The U.S. special material resonances focusing block 2 of transmitting terminal magnetic is made up of first medium plate 5, first metallic copper landolsring array 6.Transmitting terminal first metallic copper landolsring array 6 is arranged in first medium plate 5 front, and transmitting terminal first metallic copper landolsring array 6 is made up of the larger metallic copper landolsring 7 of radius and the less metallic copper landolsring 8 of radius.
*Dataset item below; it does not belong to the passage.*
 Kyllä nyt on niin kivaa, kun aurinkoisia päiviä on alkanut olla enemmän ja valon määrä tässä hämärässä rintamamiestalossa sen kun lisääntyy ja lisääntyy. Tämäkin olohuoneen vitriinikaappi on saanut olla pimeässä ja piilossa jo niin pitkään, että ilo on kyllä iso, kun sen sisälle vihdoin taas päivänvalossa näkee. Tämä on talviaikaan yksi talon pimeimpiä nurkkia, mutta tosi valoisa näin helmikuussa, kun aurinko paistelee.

The U.S. special material magnetic resonance focusing block 3 of receiving terminal is made up of second medium plate 9, receiving terminal second metallic copper landolsring array 10.Transmitting terminal first metallic copper landolsring array 10 is arranged in second medium plate 9 front, and transmitting terminal second metallic copper landolsring array 10 is made up of the larger metallic copper landolsring 11 of radius and the less metallic copper landolsring 12 of radius.
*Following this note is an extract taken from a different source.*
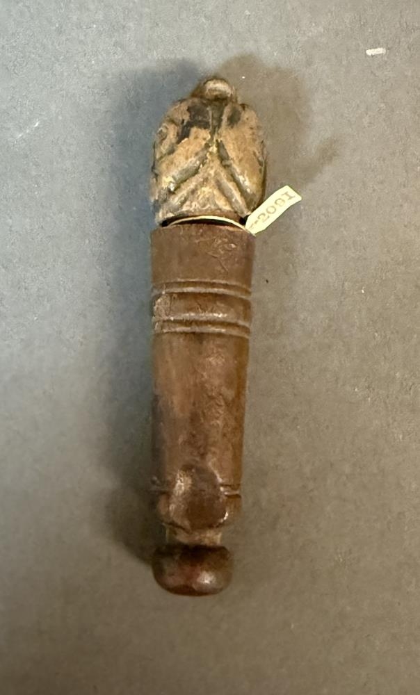 Nálhús úr mahóní, rennt. Lokið skorið út sem hundshaus ( bolabítur ). Þetta á ekki saman og er lokið án efa útlent.

The U.S. special material magnetic resonance focusing block 2 of transmitting terminal and the U.S. special material magnetic resonance focusing block 3 of receiving terminal carry out wireless energy transfer because magnetic resonance evanscent field intercouples; The U.S. special material magnetic resonance focusing block 2 of transmitting terminal and the U.S. special material magnetic resonance focusing block 3 of receiving terminal transmitting terminal are operated in identical particular resonant frequency place.
First medium plate 5 and second medium plate 9 are the dielectric-slab that polytetrafluoroethylglass glass fiber is made.The circular metal copper cash ring of disresonance excitation coil 1 and disresonance receiving coil to be diameter be 10mm, transversal radius 2mm, described first medium plate 5, the dielectric constant of second medium plate 9 is for being 2.65, and thickness of slab is 1.6mm; The thickness of transmitting terminal first metallic copper landolsring array 6 and receiving terminal second metallic copper landolsring array 10 is 0.035mm, and the cycle is 31mm; The metallic copper landolsring 7 that radius is larger, metallic copper landolsring 11 external diameter that radius is larger is 30mm, and internal diameter is 28mm; The metallic copper landolsring 8 that radius is less, metallic copper landolsring 12 external diameter that radius is less is 29mm, and internal diameter is 27mm.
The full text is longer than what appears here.